Physical characteristics
- Source: Padinalkad Ghat Reserve Forest, Karnataka
- • location: Kodagu District, India
- • coordinates: 12°14′10″N 75°37′25″E﻿ / ﻿12.23611°N 75.62361°E
- • elevation: 1,520 m (4,990 ft)
- Mouth: Arabian Sea
- • location: Near Thuruthy, Nileshwaram, India
- • coordinates: 12°06′15″N 75°08′20″E﻿ / ﻿12.10417°N 75.13889°E
- • elevation: 0 m (0 ft)
- Length: 64 km (40 mi)
- Basin size: 561 km (349 mi)

Basin features
- • left: Chaithravahini River
- • right: Pulingome River

= Kariangode River =

River in India

Kariankode River also known as Tejaswini River is one among the 44 rivers flowing through Kerala state. Kariankode River is a major river that forms the boundary between Kasaragod district and Kannur district of Kerala state. It is also the second largest river in Kasaragod district running through the hills and dales of Vellarikundu, Hosdurg and Payyanur Taluks. Places like Pulingome, Cherupuzha, Kakkadavu, Perumbatta, Mukkada, Kayyur, Kilayikode and Andol are situated at the bank of this river.

==Origin==
Kariangode River originates from Coorg Hills in the reserve forest of Coorg in the state of Karnataka.

==Tributaries==
- The upper headwaters are fed mainly by the Mundore, Padimalahole and Ariakkadavuhole tributaries. Originating in the Coorg hills of Karnataka, these small mountain streams (hole denotes a stream in Kannada) unite in the forest to form the source of the Kariangode River.
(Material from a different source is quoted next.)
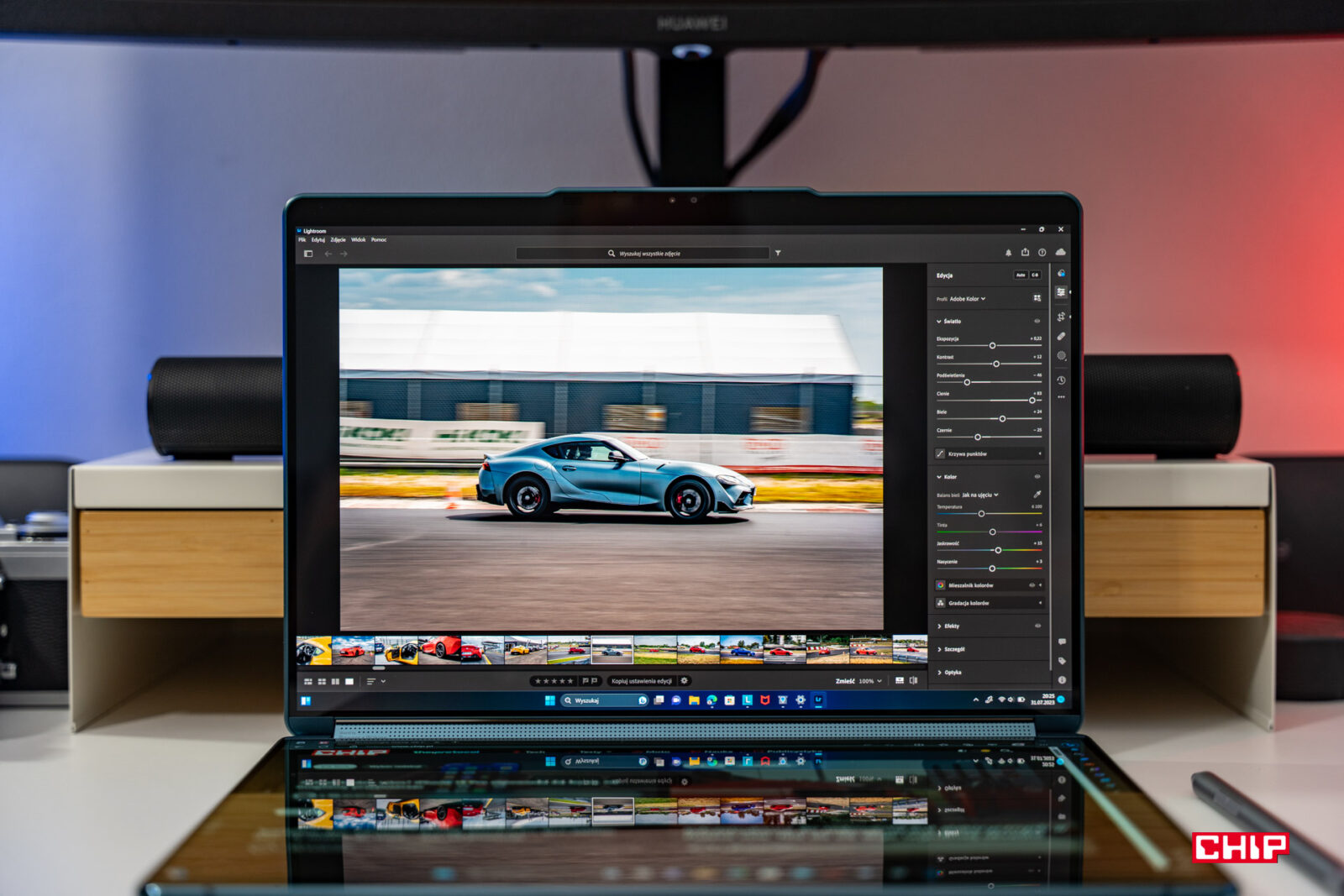 Jeśli chodzi o wydajność to podzespoły wystarczają w pełni do pracy biurowej i częściowo kreatywnej. Mamy tu procesor Intel Core i7-1355U, 16 GB pamięci RAM (LPDDR5X), dysk SSD PCIe o pojemności 1 TB i zintegrowaną grafikę Intel Iris Xe. Częściowo kreatywnej, bo o ile do podstawowej obróbki zdjęć w Lightroomie czy sklejaniu filmów w zupełności wystarcza, tak jeśli chcielibyśmy odszumić większą liczbę fotografii, albo wyrenderować gotowy film to musimy uzbroić się cierpliwość. Szczególnie względem laptopów z kartami graficznymi GeForce RTX czy sprzętem Apple’a.
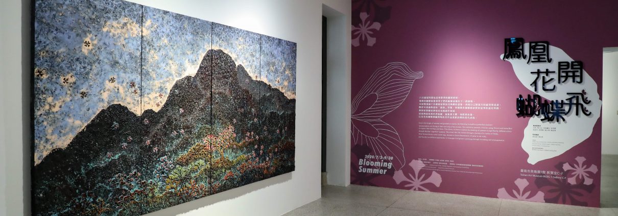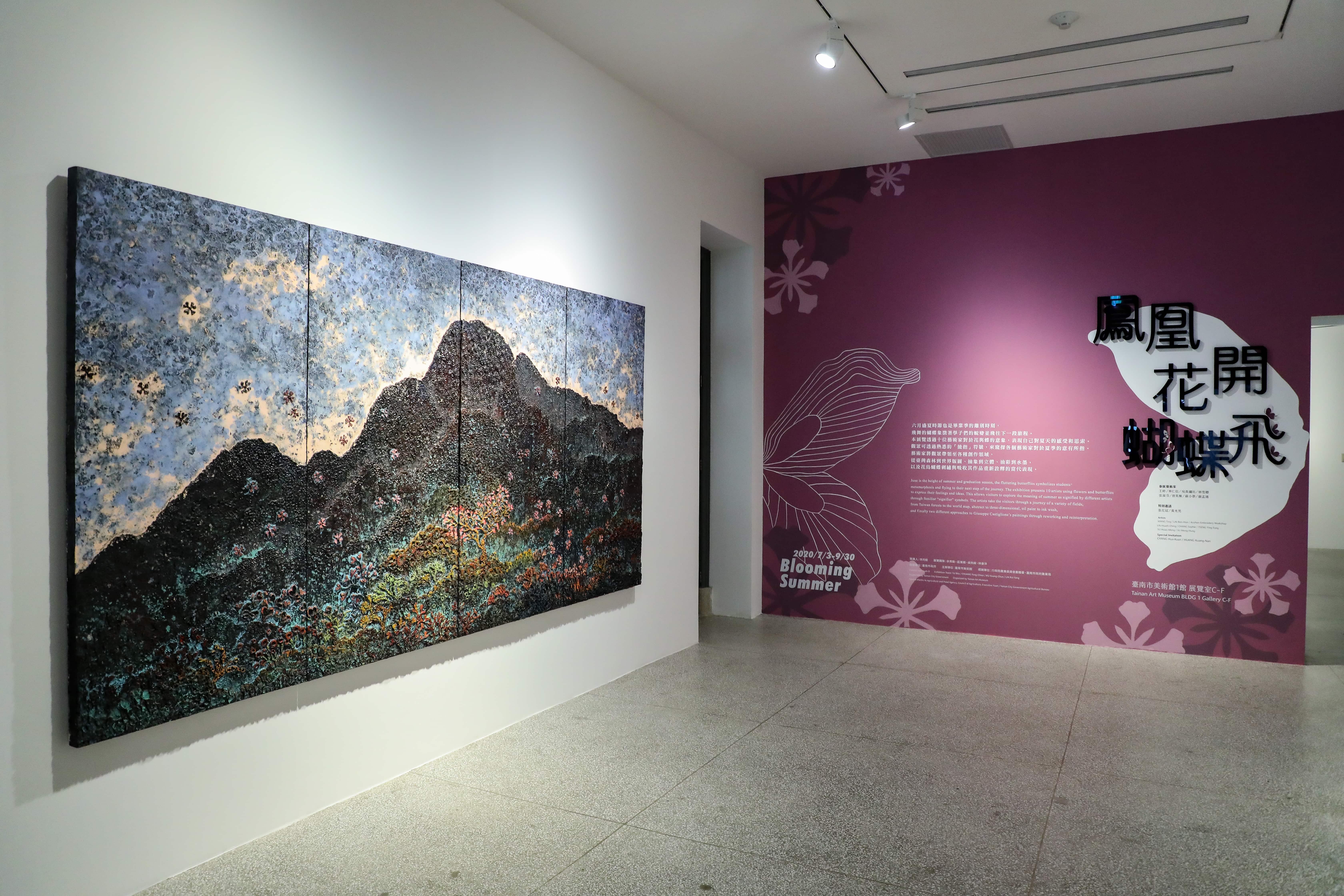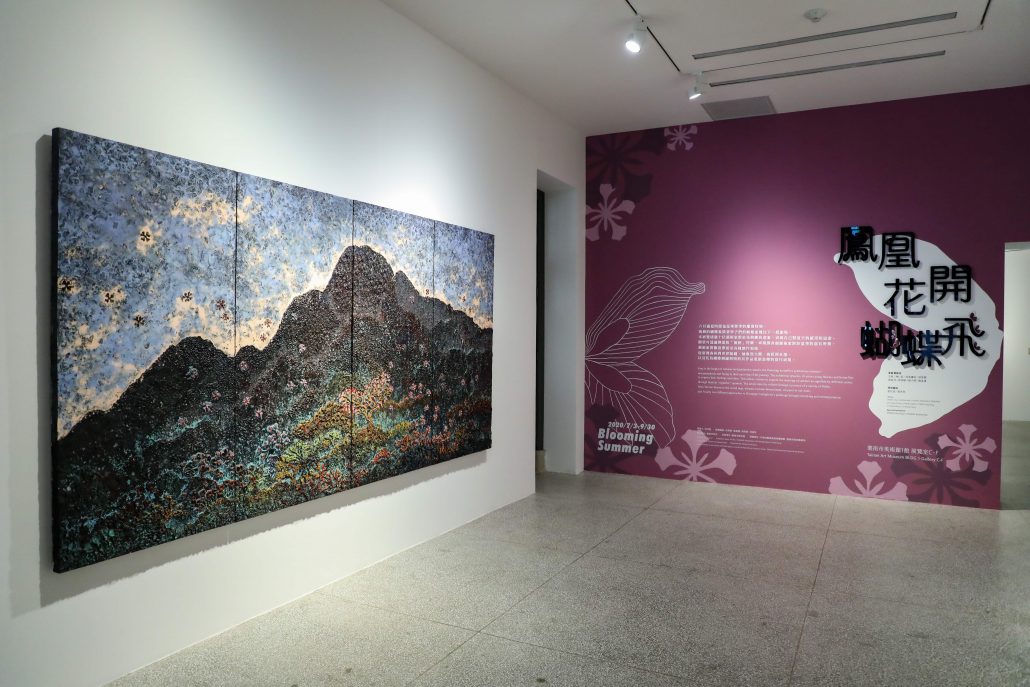 象徵畢業的臺南市花鳳凰花已在臺南街頭簇擁盛開,南美館也同時規劃「鳳凰花開 蝴蝶飛」展覽,猶如夏日百花盛開的美景,同時為臺南市美術館副館長與策展人的李月娥為我們介紹到:「本次展覽結合各種媒材的十位藝術家共同參展。臺南在地的藝術家如曾英棟老師、蘇小夢老師展以花與山脈表現出對夏日的觀察與情感抒發;林雪卿老師與林仁信老師兩位代表不同世代的版畫創作者,分別以蝴蝶為元素創作出屬於自己的藝術世界觀。此展本次獲邱再興文教基金會的大力支持,出借邱再興先生長期收藏、仿郎世寧畫作花鳥冊頁的花鳥蝴蝶刺繡共襄盛舉。為展現古今對照,耿畫廊則提供當代藝術家蘇孟鴻吸取郎世寧風格元素,以當代手法重新呈現的創作。兩組作品同場爭艷,古今對比欣賞,可說是本次展覽的一大特色。」

- As the Kariangode River flows through Kerala, its lower stretches are joined by two major tributaries — the Chaithravahini and Pulingome rivers.

==Tourism==
Adventure tourism activities are conducted on the Kariangode River, also known as the Tejaswini River. White-water rafting is conducted on stretches of the Kariangode River, near Cherupuzha in Kannur district. A 12.5 km section is used for rafting during the monsoon and post-monsoon periods. Rafts typically carry 6 to 7 participants and are operated by trained guides. The activity is managed by licensed operators under safety protocols set by local authorities.

==Bridges on Kariangode River==
There are many bridges over Kariangode river. The main bridges include Pulingome bridge, Cherupuzha bridge, Kollada bridge, Kakadavu bridge, Perumbatta bridge, Mukkada bridge, Arayakadav bridge, Andol Poorakkadav hanging bridge, Kariangode bridge and Kottapuram bridge.